INSTRUCTIONS FOR THE TASK:
Apart from the pictures, every line below is to be set down exactly.

DATA SUPPLIED:
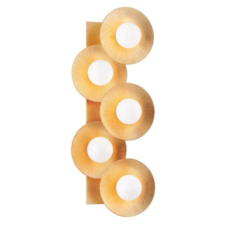 Wykończenie w Złotym Liściu (VGL): Kinkiet został wykończony w luksusowym odcieniu złotego liścia, co nadaje mu prestiżowy wygląd. Starannie dobrane materiały oraz precyzyjne wykończenie podkreślają jego wysoką jakość, czyniąc go idealnym wyborem dla osób ceniących elegancki design.:
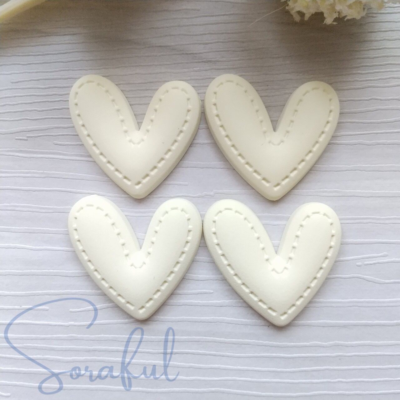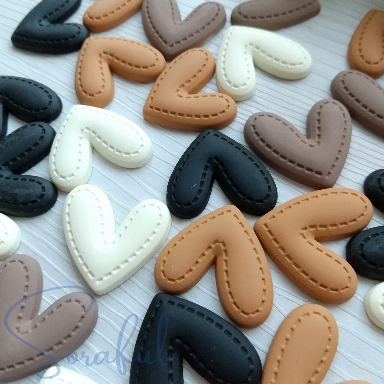 【4個】ブラウン系ステッチハート【デコパーツ】D-0584
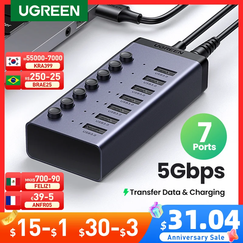 UGREEN USB C Hub 5Gbps 7 Ports USB3.0 Splitter with Individual OFF/ON
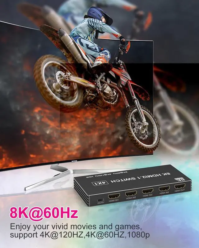 Bandwidth: Powered by the latest HDMI 2.1 standard, this switch ensures ultra-fast data transfer up to 48Gbps. Say goodbye to lag, screen tearing, and signal lossexperience stutter-free gameplay and flawless video playback even on demanding devices ^^
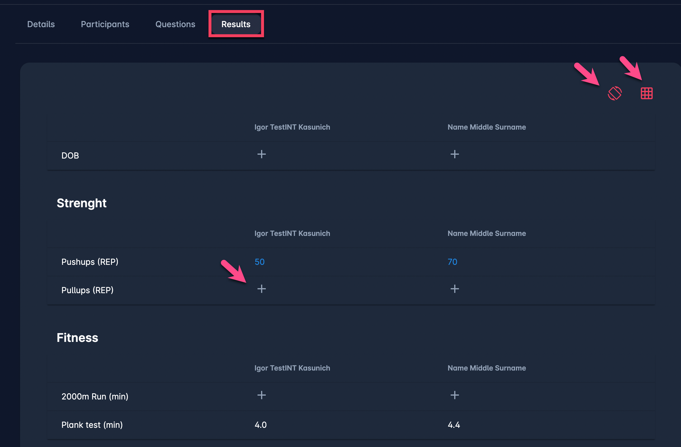 On the Results tab, you can record and track the assessment results for the event participants. Predefined Unit Values are to be entered in the results table. The results table is a matrix consisting of the participant name and the assessment question.
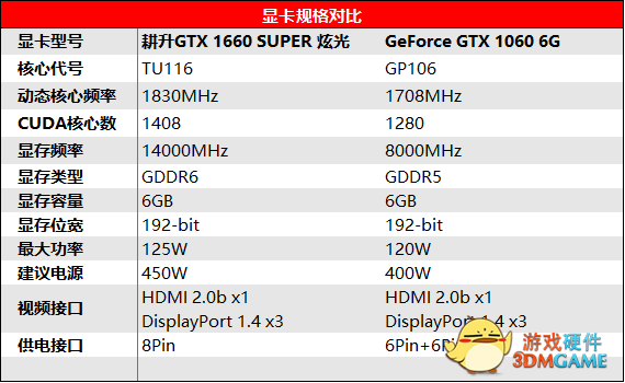 从表格来看,耕升GTX 1660 SUPER炫光OC与NVIDIA GeForce GTX 1060相比,CUDA核心数增加至1408,不过最主要的区别在于显存类型、显存频率和动态核心频率,动态核心频率提升为1800MHz,显存频率从8000MHz提升到14000MHz,显存类型升级为GDDR6。

TASK RESPONSE:
 Wykończenie w Złotym Liściu (VGL): Kinkiet został wykończony w luksusowym odcieniu złotego liścia, co nadaje mu prestiżowy wygląd. Starannie dobrane materiały oraz precyzyjne wykończenie podkreślają jego wysoką jakość, czyniąc go idealnym wyborem dla osób ceniących elegancki design.:
 【4個】ブラウン系ステッチハート【デコパーツ】D-0584
 UGREEN USB C Hub 5Gbps 7 Ports USB3.0 Splitter with Individual OFF/ON
 Bandwidth: Powered by the latest HDMI 2.1 standard, this switch ensures ultra-fast data transfer up to 48Gbps. Say goodbye to lag, screen tearing, and signal lossexperience stutter-free gameplay and flawless video playback even on demanding devices ^^
 On the Results tab, you can record and track the assessment results for the event participants. Predefined Unit Values are to be entered in the results table. The results table is a matrix consisting of the participant name and the assessment question.
 从表格来看,耕升GTX 1660 SUPER炫光OC与NVIDIA GeForce GTX 1060相比,CUDA核心数增加至1408,不过最主要的区别在于显存类型、显存频率和动态核心频率,动态核心频率提升为1800MHz,显存频率从8000MHz提升到14000MHz,显存类型升级为GDDR6。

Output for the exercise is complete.